Françoise Frenkel remained in Berlin. The shop was already facing an officially mandated boycott in 1933, but it remained open. After 1935 practical problems increased. There was intervention from the censors and there were other political pressures. Sources refer to an absence of practical backing from the French embassy. Run by a Polish Jewess, it was remarkable that the book store was able to operate at all right through till 1939. It is possible the business stayed open because its activities enjoyed the support of powerful French publishing houses and French politicians, not all of whom were at this stage committed enemies of Nazi Germany.

She was in Berlin in November 1938 to experience Kristallnacht when synagogues and the premises of Jewish businesses were attacked. She experienced the officially sanctioned pogrom from the streets but her book store was spared. As World War II loomed she accepted that there was no future left for her in Germany, and in August 1939 she escaped as a passenger on a special train to Paris organised by the French embassy. Her personal belongings were seized by the Nazis. In Berlin, the remaining stock of the "Maison du Livre français" was also seized.

=== France ===
Françoise Frenkel spent the next nine months in Paris where her husband already was but her own written record does not mention him. There was no news from her widowed mother in Poland. On 10 May 1940 German forces invaded France and on 22 June 1940 an armistice was agreed between the French and German governments.
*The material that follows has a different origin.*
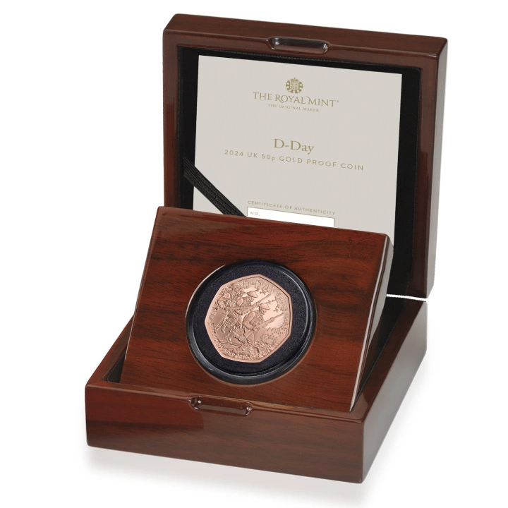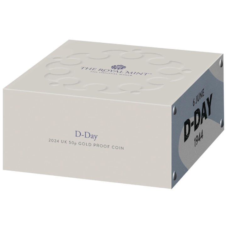 D-Day 50p Gold 2024 Proof ist eine Gedenkmünze zum 80. Jahrestag des D-Day. Am 6. Juni 1944 griffen mehr als 132.000 Bodentruppen und 18.000 Fallschirmjäger erfolgreich fünf Landungsstrände entlang der Küste der Normandie in Frankreich an. Die Einnahme des Landekopfes auf dem europäischen Festland ermöglichte es den Alliierten, eine zweite Front gegen Deutschland zu eröffnen und trug dazu bei, das Schicksal des Zweiten Weltkriegs zu verändern.

Frenkel escaped to the south, but finding Vichy overcrowded she carried on to Clermont-Ferrand. She had reached the front-line. Frenkel's first weeks in Vichy France were in Avignon, then in Nice. An attempted marriage with a Frenchman for security failed.

Françoise Frenkel's memoire, 'Rien où poser ma tête', offers two things: an exciting journey of discovery of Berlin between the wars, including insights into largely unknown areas - commercial processes, court actions and the media of cultural exchange, and a report from a woman's perspective of flight and persecution in occupied France during the dark years. ... the re-emergence of Frenkel's book indicates that the years of Nazi occupation, although in the past, continue to resonate in the French present - and that we should probably expect more "literary discoveries" of this nature to emerge.

Françoise Frenkels Erinnerungen Rien où poser ma tête bieten zweierlei: eine aufregende Entdeckungsreise in das Berlin der Zwischenkriegszeit, mit Einblicken in bislang weitgehend unbekannte Räume, Agenten, Prozesse und Medien des Kulturtransfers, und: einen Bericht aus weiblicher Perspektive von Flucht und Verfolgung im besetzten Frankreich der années noires. ... die 'Wiederkehr' von Frenkels Buch, dass die Okkupationszeit nicht aufhört, in die französische Gegenwart hineinzuwirken – und dass es vermutlich noch viele 'Wiedergänger' dieser Art geben wird.
Margarete Zimmermann 2015

Frenkel having obtained a visa for Switzerland soon after her arrival in France in 1939, she delayed going there for a couple of years. In August 1942, she narrowly avoided capture and deportation, then the police carried out a raid on the little "Hotel Arche de Noe" ("Noah's Ark Hotel") where she was staying. All the hotel's other Jewish guests were escorted into police trucks. She went "underground" and was dependent for survival on "good" French people. Under Italian officials, Frenkel's presence was granted a level of legal status. Friends organised a Swiss visa for her and just a few days before its expiry she succeeded in entering Switzerland at the third attempt.

=== Later years ===
Françoise Frenkel was already 53 when she crossed the frontier near Annecy. She lived for more than another thirty years, dying at Nice on 18 January 1975. Very little is known about her final decades. She was again in Berlin in 1959 visiting the divided city to apply for compensation in respect of her lost goods while escaping in 1939. In 1960 the West German government paid her DM 3,500 as "reparation".